Exhibit 10.5
[***] Certain information in this document has been excluded pursuant to RegulationS-K, Item 601(b)(10). Such excluded information is not material and would likely cause competitive harm to the registrant if publicly disclosed.
Execution Version
WAIVER AND FIFTH AMENDMENT TO LOAN AND SECURITY AGREEMENT
THIS WAIVER AND FIFTH AMENDMENT TO LOAN AND SECURITY AGREEMENT (this“Agreement”) is entered into as of August 14, 2019, among Restoration Robotics, Inc., a Delaware corporation (the “Borrower”), Solar Capital Ltd., a Maryland corporation (in its capacity as collateral agent, the “Collateral Agent”) and the Lenders party hereto, comprising the Required Lenders under the Loan Agreement referred to below (each, a “Lender” and, collectively, the “Lenders”).
RECITALS
A. The Borrower, the Lenders party thereto, and the Collateral Agent, are parties to that certain Loan and Security Agreement, dated as of May 10, 2018, as amended by that certain First Amendment to Loan and Security Agreement, dated as of June 29, 2018, that certain Second Amendment to Loan and Security Agreement, entered into as of November 2, 2018, that certain Third Amendment to Loan and Security Agreement, dated as of February 13, 2019, and that certain Fourth Amendment to Loan and Security Agreement, dated as of June 14, 2019 (as further amended, supplemented or otherwise modified prior to the date hereof, the “Loan Agreement”).
B. The Borrower has requested certain amendments and waivers to the Loan Agreement. Although the Lenders and the Collateral Agent are under no obligation to do so, they have agreed to such requests, subject to the terms and conditions hereof.
AGREEMENT
NOW, THEREFORE, in consideration of the foregoing recitals and other good and valuable consideration, the receipt and adequacy of which are hereby acknowledged, and intending to be legally bound, the parties hereto agree as follows:
1.Definitions.

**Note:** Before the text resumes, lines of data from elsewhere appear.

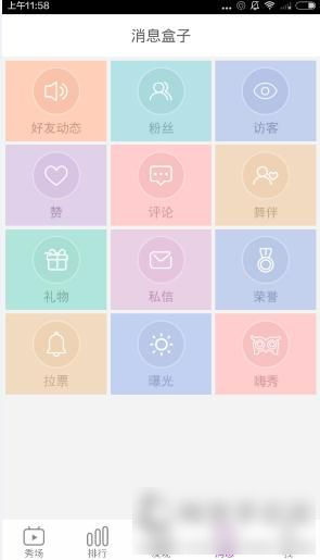 4、在消息盒子界面,為你提供了好友動(dòng)態(tài),分享,訪(fǎng)客,贊,評(píng)論,舞伴,禮物,私信,榮耀,拉票,曝光,嗨秀等信息,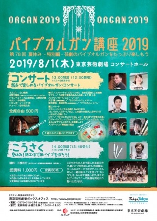 夏は東京芸術劇場でパイプオルガンをたっぷり楽しもう! 親子で楽しめる約50分間の「コンサート」と、紙でパイプを作れる「こうさく」の講座です。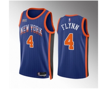 Men New Yok Knicks #4 Malachi Flynn Blue 2023 24 City Edition Stitched Basketball Jersey

Capitalized terms used but not defined in this Agreement shall have the meanings given to them in the Loan Agreement.
2.Amendments to the Loan Agreement. The Loan Agreement shall be amended as follows:
2.1 Definition of Final Fee. The definition of “Final Fee” is hereby amended and restated as follows:
“Final Fee” is a payment (in addition to and not a substitution for the regular monthly payments of principal plus accrued interest or any other fee payable hereunder) (a) due on the earliest to occur of (i) the Maturity Date, (ii) the acceleration of the Term Loan, and (iii) the prepayment in full of the Term Loans pursuant to Section 2.2(c) or (d), and (b) equal to “(1) if the Obligations are repaid in full on or prior to August 31, 2019, One Million, One Hundred Ten Thousand Dollars ($1,110,000.00), (2) if the Obligations are repaid in full after August 31, 2019 but on or prior to October 1, 2019, One Million Three Hundred Ten Thousand Dollars ($1,310,000.00), or (3) if the Obligations remain outstanding after October 1, 2019, One Million Four Hundred Ten Thousand Dollars ($1,410,000.00). The Final Fee shall be fully earned on the date so paid,non-refundable for any reason and payable to the Lenders in accordance with their respective Pro Rata Shares.